A soccer star shot dead. Parliament gutted by fire. People trampled to death in riots. Even with the most spectacular crimes, South Africa’s criminal justice system can’t seem to keep up.
For months, the nation has engaged in a lengthy bout of public soul-searching over its failure to hold wrongdoers to account. Already weary from its globally high crime rate, South Africans watched their parliament burn on January 2 — as anti-apartheid icon Desmond Tutu was interred at a cathedral a few blocks away.
A man was quickly arrested, after he simply walked through security, undetected by video surveillance for hours.
But questions immediately arose about whether he acted on his own, and how such a dramatic lapse in security could happen in the first place.
At the highest levels, the justice system operates with a fierce independence and a strong check on executive power.
The Constitutional Court ordered former president Jacob Zuma to prison in July for refusing to testify to anti-corruption investigators — and he went.
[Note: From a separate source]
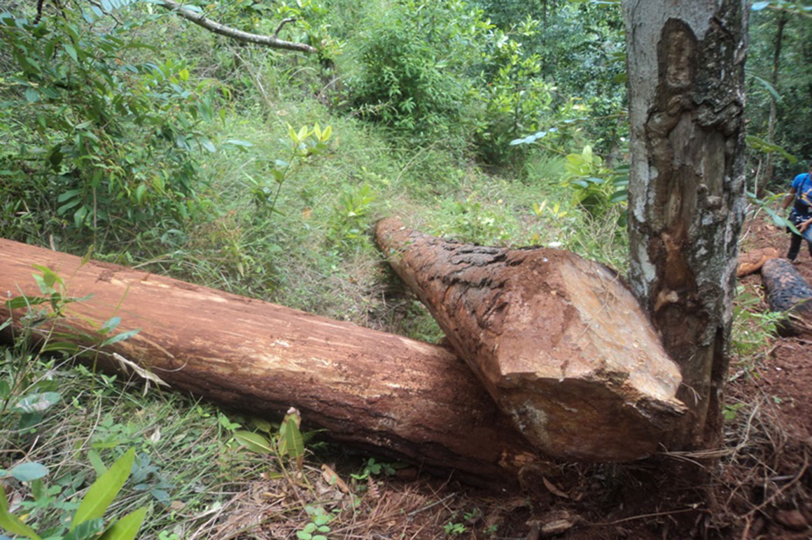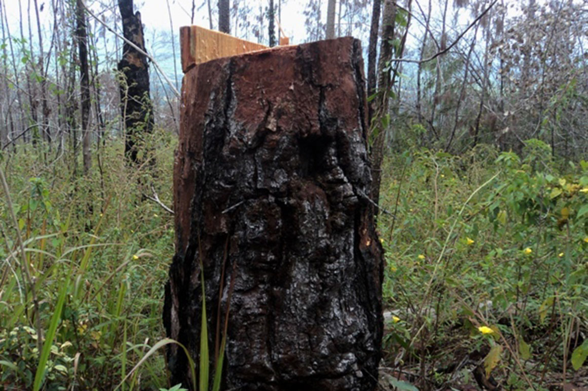 Advierte el informe que los depredadores cortan los árboles en pie e incendian proceden a incendiar los troncos, para simular que se trata de árboles que sufrieron los rigores de los incendios.

But the ensuing riots instigated by his supporters cast a harsh light on the weaknesses of the criminal justice system on the streets.
Police intelligence failed to predict or stem the riots, which left more than 300 dead. Some were trampled to death at neighbourhood grocery stores when the riots descended into widespread looting.
Since then, the police’s priority crimes unit says only eight people have appeared in court over the worst unrest of the democratic era.
“People think they can get away with it,” a police source said. “They think the police is unable to investigate their cases and bring them to justice.”
President Cyril Ramaphosa has scrapped the state security ministry and firmly placed intelligence services under his office.
Ahead of the 2010 World Cup, South Africa made big investments in policing, and crime rates broadly fell, according to the Institute for Security Studies (ISS).
“There has been a huge deterioration in the performance of the criminal justice system from 2009, when Jacob Zuma became president,” said ISS expert Gareth Newham.
After nearly two decades of sustained decreases in violent crimes, the number of murders rose 37 percent from 2012 to 2020, he said.
During that period, the budget for policing rose by 65 per cent. Much of that additional spending simply covered pay rises for police.
The number of actual police personnel fell by six percent. Police reservists, who could be called in for events like the riots, plunged by 77 per cent, Newham said.
Zuma also systematically appointed loyalists to head the police, public prosecution and intelligence agencies.
A report released this month into corruption by Zuma, the product of three years of investigations, detailed how those appointments and other moves undermined the entire criminal justice system.
The extent of corruption was so vast that South Africans call it “state capture” — to describe how the bribery and corruption dominated government operations.
“Between 2009 and 2018, if you were in an organised criminal group that was involved in state capture, there was a feeling that you would get away with it,” said Guy Lamb, a political scientist at the University of Stellenbosch.
That period included jaw-dropping cases like the murder of Senzo Meyiwa, the captain of the national football team who was gunned down at his girlfriend’s home in 2014.
At the time, police said it was a robbery gone wrong. Authorities now say it was a contract killing.
The alleged hitman was convicted on Tuesday for other murders dating to 2015. He’s still awaiting trial for Meyiwa’s death.
Delays in prosecuting organised crime, whether high-level corruption or mafia-style killings, stem from understaffing of law enforcement across the board, Lamb said.
Prosecutors are negotiating for increased staff and budgets, but government coffers are thin after years of economic troubles dating to even before the pandemic.
“The point is, going forward, it’s about the police needing to work with communities to find ways to prevent crime and violence,” he said.